# Left Tiagra Shifter locked up



## kudude (Mar 17, 2008)

Hey guys,

I'm having issues with friend of mine's Raliegh cyclocross bike. The left shifter seems to be locked up and he is stuck on the big ring. I push the blade inward to get it to shift down however I don't feel any resistance on the lever at all and it refuses to shift back to the small ring. I'm trying to get this thing fixed so that he can ride the Zoo de Mack this weekend as planned. Any help is greatly appreciated. Thank you.

Andy,


----------



## livin4lax09 (Mar 15, 2008)

my first guess is that the housing's gunked up. That's what happened with mine. If he's actually been riding cross, that's more than likely the culprit.


----------



## PJ352 (Dec 5, 2007)

kudude said:


> Hey guys,
> 
> I'm having issues with friend of mine's Raliegh cyclocross bike. The left shifter seems to be locked up and he is stuck on the big ring. I push the blade inward to get it to shift down however I don't feel any resistance on the lever at all and it refuses to shift back to the small ring. I'm trying to get this thing fixed so that he can ride the Zoo de Mack this weekend as planned. Any help is greatly appreciated. Thank you.
> 
> Andy,


Shimano Tiagra and 105 f/ der. shifters use the same models for both double/ triple cranks, so there's a possibility that it's in the 'third' position. Below is a link to a recent thread that dealt with a similar issue.

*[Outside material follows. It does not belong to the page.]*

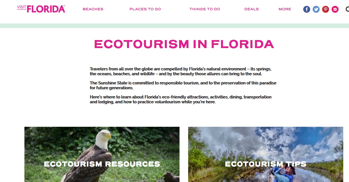 Visit Florida has added an eco-friendly travel hub to its website to provide a one-stop information resource for more sustainable travel options throughout the state.

http://forums.roadbikereview.com/showthread.php?t=172465


----------



## JCavilia (Sep 12, 2005)

*solvent flush time*

Classic symptom when the innards of those things get gunky. "No resistance" to small-lever movement is the tipoff.

Hang the bike up by the back wheel so the stuff can drip off without making a mess, and spray lots of wd-40 inside while working both levers. This very often works.


----------



## kudude (Mar 17, 2008)

I'm not really sure what's going on with this thing now. I took it apart and cleaned it a little bit but I don't think gunk is the problem. I'm sure just pushing hard on the inner lever isn't going to fix it. The inner lever has zero resistance and I can push it as far and hard as I want and it does nothing.

Does anyone have a schematic of this mechanism?


----------



## PJ352 (Dec 5, 2007)

kudude said:


> I'm not really sure what's going on with this thing now. I took it apart and cleaned it a little bit but I don't think gunk is the problem. I'm sure just pushing hard on the inner lever isn't going to fix it. The inner lever has zero resistance and I can push it as far and hard as I want and it does nothing.
> 
> Does anyone have a schematic of this mechanism?


Assuming you read the thread I linked to, I also mentioned that there are instances where the shifter is jammed and cannot be cleared. At that point the LBS needs to work with Shimano on your (or your friends behalf) for a replacement. This also assumes there isn't a 'gunk' build up as others have proposed. 

Here's a link to the Shimano shifter:
http://bike.shimano.com/publish/con...agra/product.-code-ST-4500.-type-st_road.html

Schematic:
EV-ST-4500-2609A


----------



## kudude (Mar 17, 2008)

Thanks for all your help guys but I think this shifter is done for. I haven't been able to find a detailed schematic of the actual shipping mechanism to actually be able to pull it apart and clean it properly. I took it apart myself and was able to get it to up shift when somewhat dismantled but no luck once everything was reinstalled in the same order I took it apart. I'd really like shimano to publish something more useful than what they have.


----------



## livin4lax09 (Mar 15, 2008)

wow, you took it apart? Kudos for you... shimano shifters aren't supposed to be rebuildable.


----------



## PJ352 (Dec 5, 2007)

livin4lax09 said:


> wow, you took it apart? Kudos for you... shimano shifters aren't supposed to be rebuildable.


I agree. Shimano provides schematics, but as the OP points out, they aren't the best.


----------



## Kerry Irons (Feb 25, 2002)

*Abandon all hope*



kudude said:


> Thanks for all your help guys but I think this shifter is done for. I haven't been able to find a detailed schematic of the actual shipping mechanism to actually be able to pull it apart and clean it properly. I took it apart myself and was able to get it to up shift when somewhat dismantled but no luck once everything was reinstalled in the same order I took it apart. I'd really like shimano to publish something more useful than what they have.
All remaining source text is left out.